The tape ends with the intrusion of another more mundane, yet crucial, issue. After arguing through the night about revolutionary suicide, fighting against black troops or fleeing to the jungle, the community is jolted with the news that the electrical crew burned up a water pump. The accident was caused by human error, and there is a chance the crew can make the repair, but they really need another pump – even if just for back-up – and the White Night is sidetracked by the debate on how the Jonestown budget can afford $2100 for an essential piece of machinery.

This White Night concludes on Tape Q 644.

FBI Summary:

Date of transcription: 3/15/79

In connection with the Federal Bureau of Investigation’s investigation into the assassination of U.S. Congressman LEO J. RYAN at Port Kaituma, Guyana, South America, on November 18, 1978, a tape recording was obtained. This tape recording was located in Jonestown, Guyana, South America, and was turned over to U.S. Officials in Guyana and subsequently transported to the United States.

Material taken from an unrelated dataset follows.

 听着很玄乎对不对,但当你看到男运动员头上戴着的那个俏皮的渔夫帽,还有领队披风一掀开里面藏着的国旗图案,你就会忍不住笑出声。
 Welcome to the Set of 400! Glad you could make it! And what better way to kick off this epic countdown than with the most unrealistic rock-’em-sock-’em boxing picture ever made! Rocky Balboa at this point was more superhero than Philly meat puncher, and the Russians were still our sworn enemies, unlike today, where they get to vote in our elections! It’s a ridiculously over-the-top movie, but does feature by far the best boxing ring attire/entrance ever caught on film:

On March 6, 1979, Special Agent (name deleted) reviewed the tape numbered 1B47-88, and nothing was contained thereon which was considered to be of evidentiary nature or beneficial to the investigation of Congressman RYAN.

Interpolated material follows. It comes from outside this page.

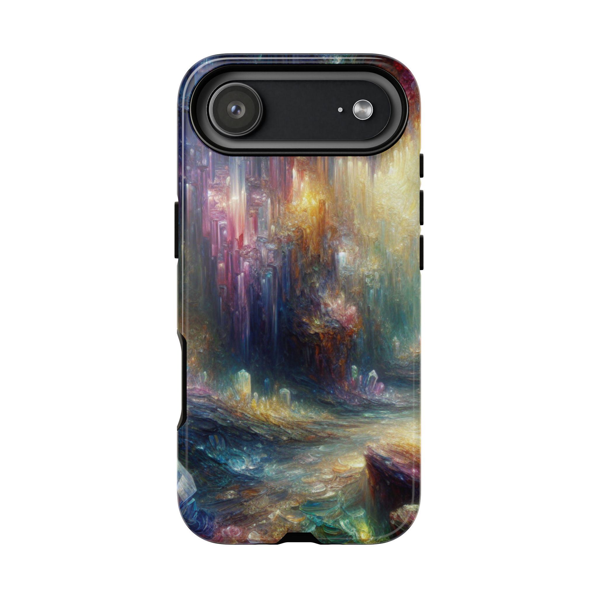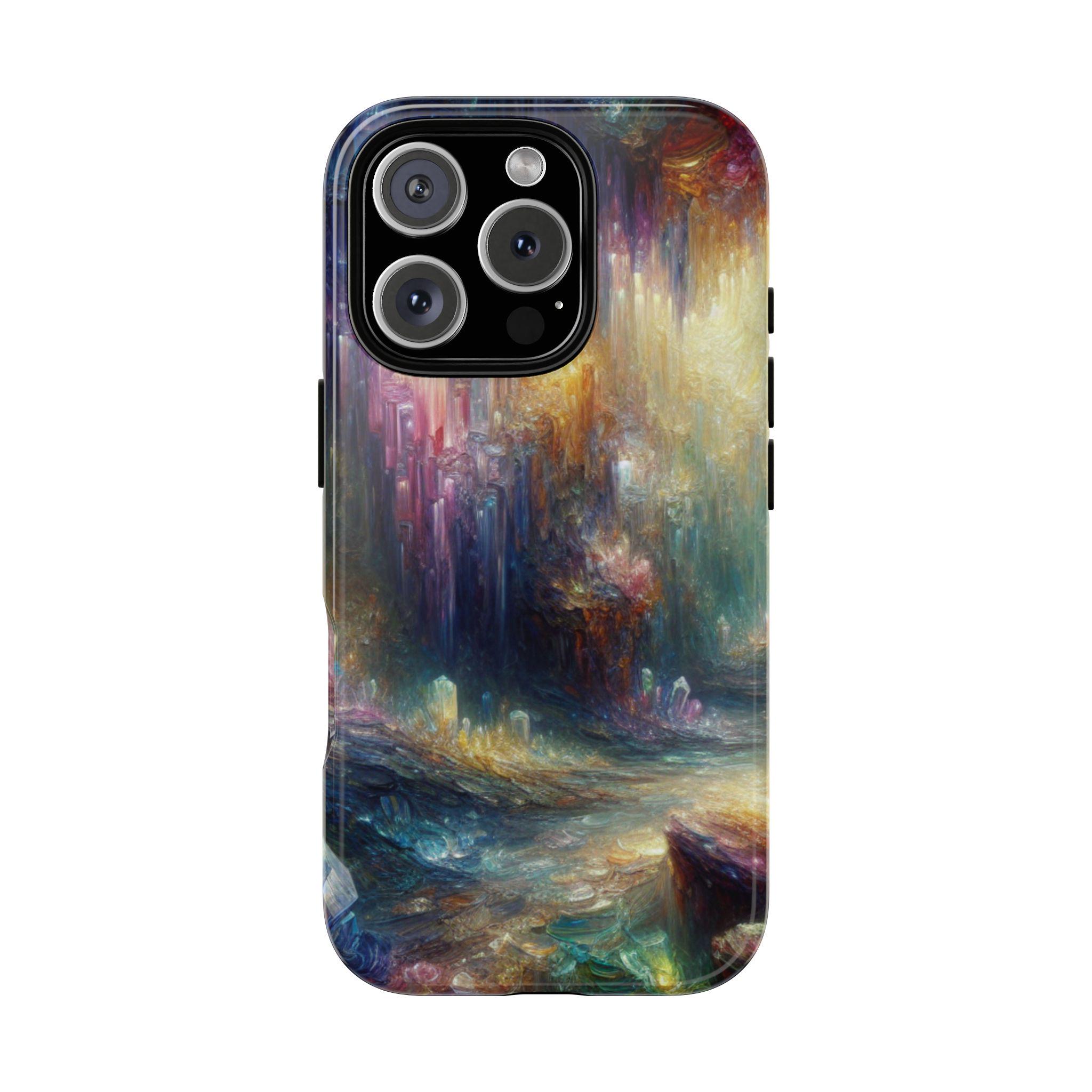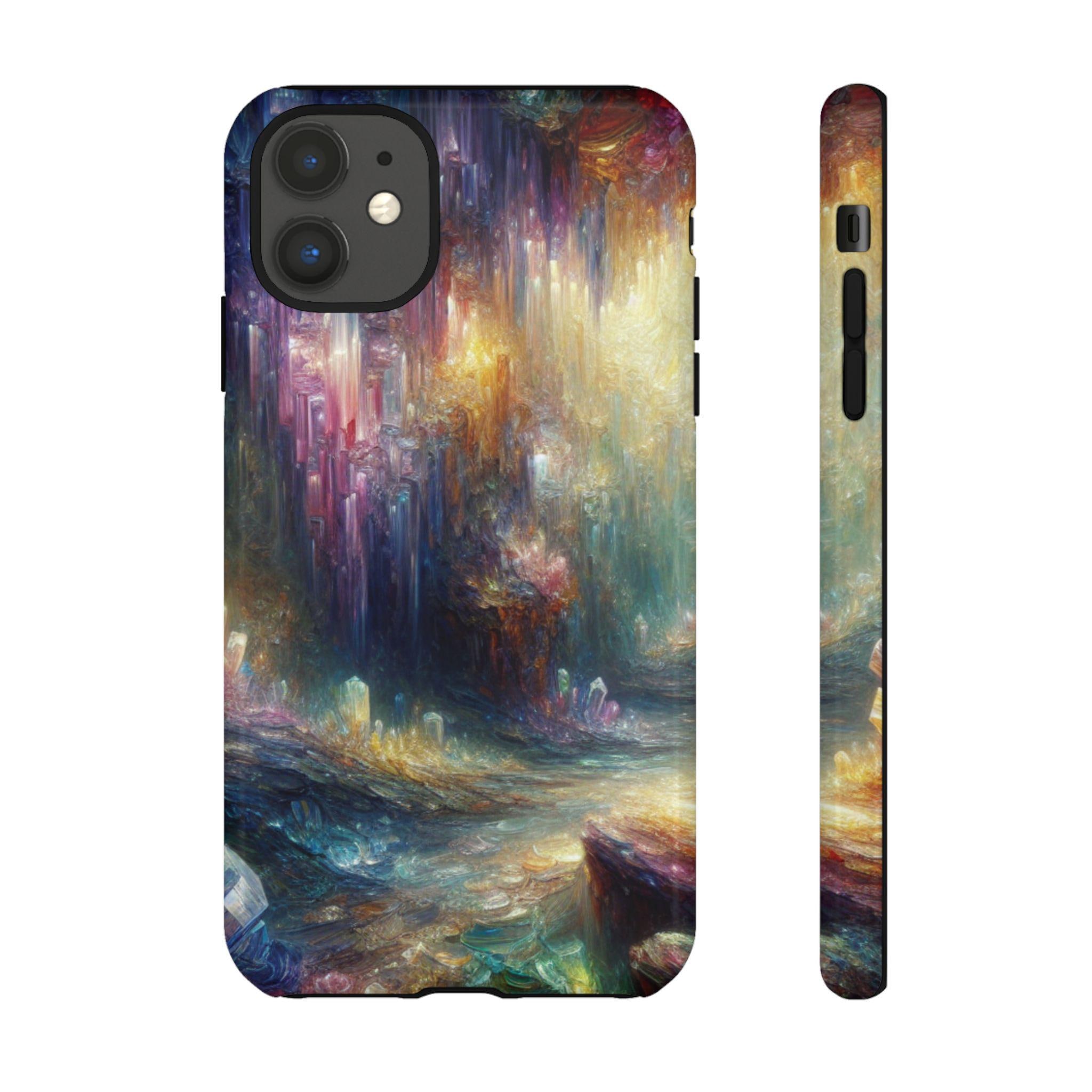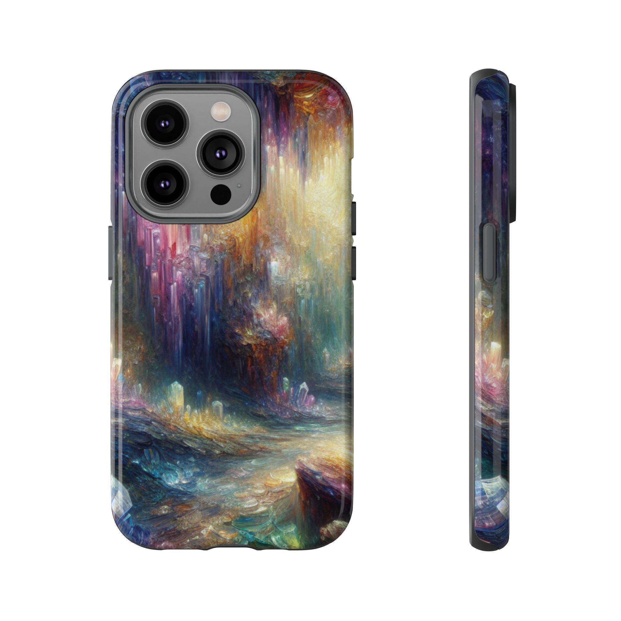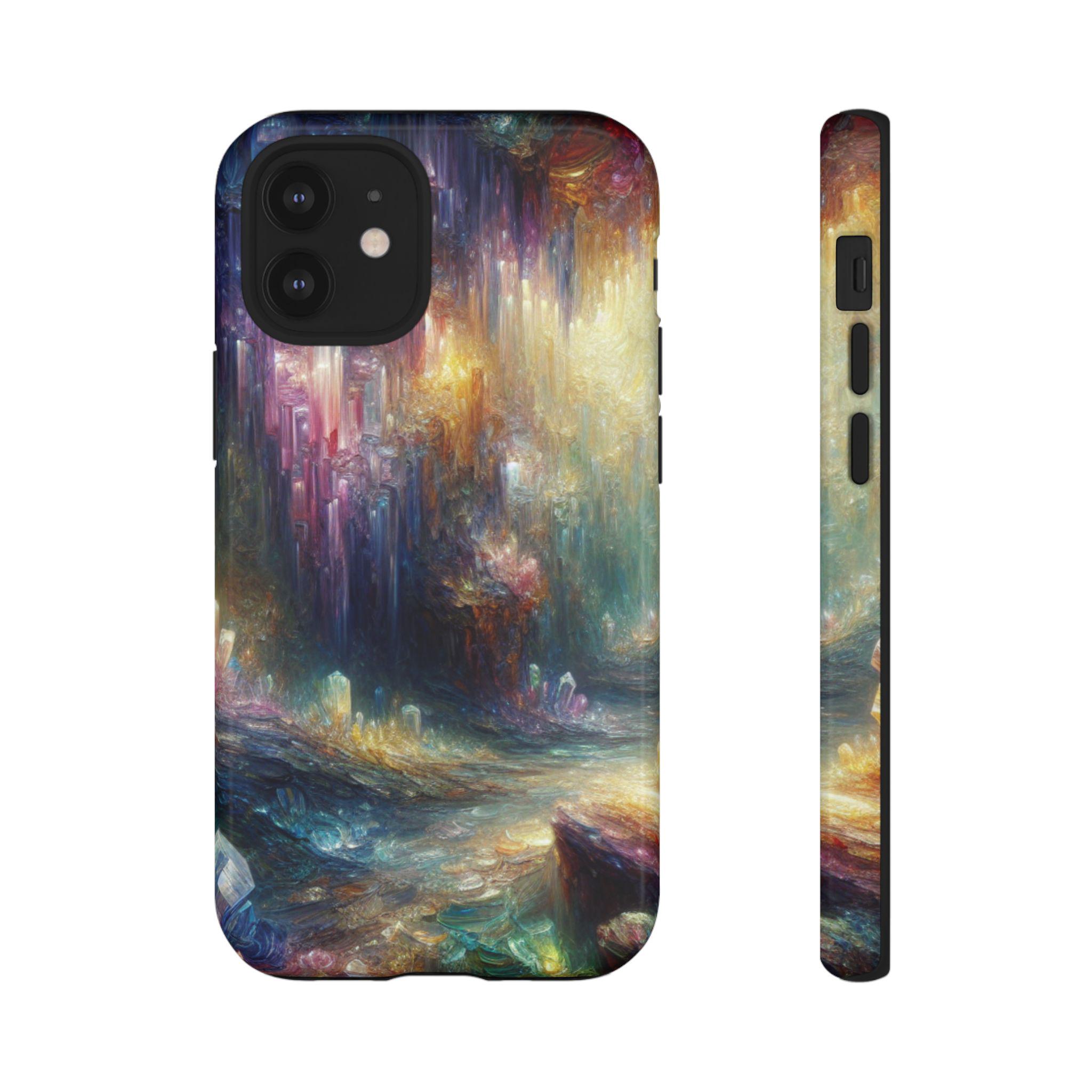 Mystical crystal cave stained glass IPhone tough case. Introducing our vibrant phone case, designed to brighten your everyday life with stunning artwork. This product adds a cheerful and artistic touch to your phone, making it not just a protective accessory but also a statement piece. This sturdy case is ideal for adults seeking both style and durability. Great for gifting during holidays like birthdays, Mother's Day, or any occasion where you want to bring a smile. Use it to enhance your daily routines, whether at work, school, or leisure activities, and enjoy the subconscious uplift that beautiful designs can bring to your life.

Differences with FBI Summary:

There is nothing to compare between the two summaries, since the FBI did not write anything for this, or 64 other tapes which bear the notation “Tapes Not Summarized.” These tapes seems to have little on them which the FBI could use for its purposes of investigating crimes arising from the Jonestown tragedy, but then again, that describes many other tapes as well. The difference seems to be that one or two FBI agents catalogued this set of tapes – as evidenced by the typewriter used in writing the reports – and that generally, the transcriptions were made early in the process, before someone may have asked for greater detail in the reports.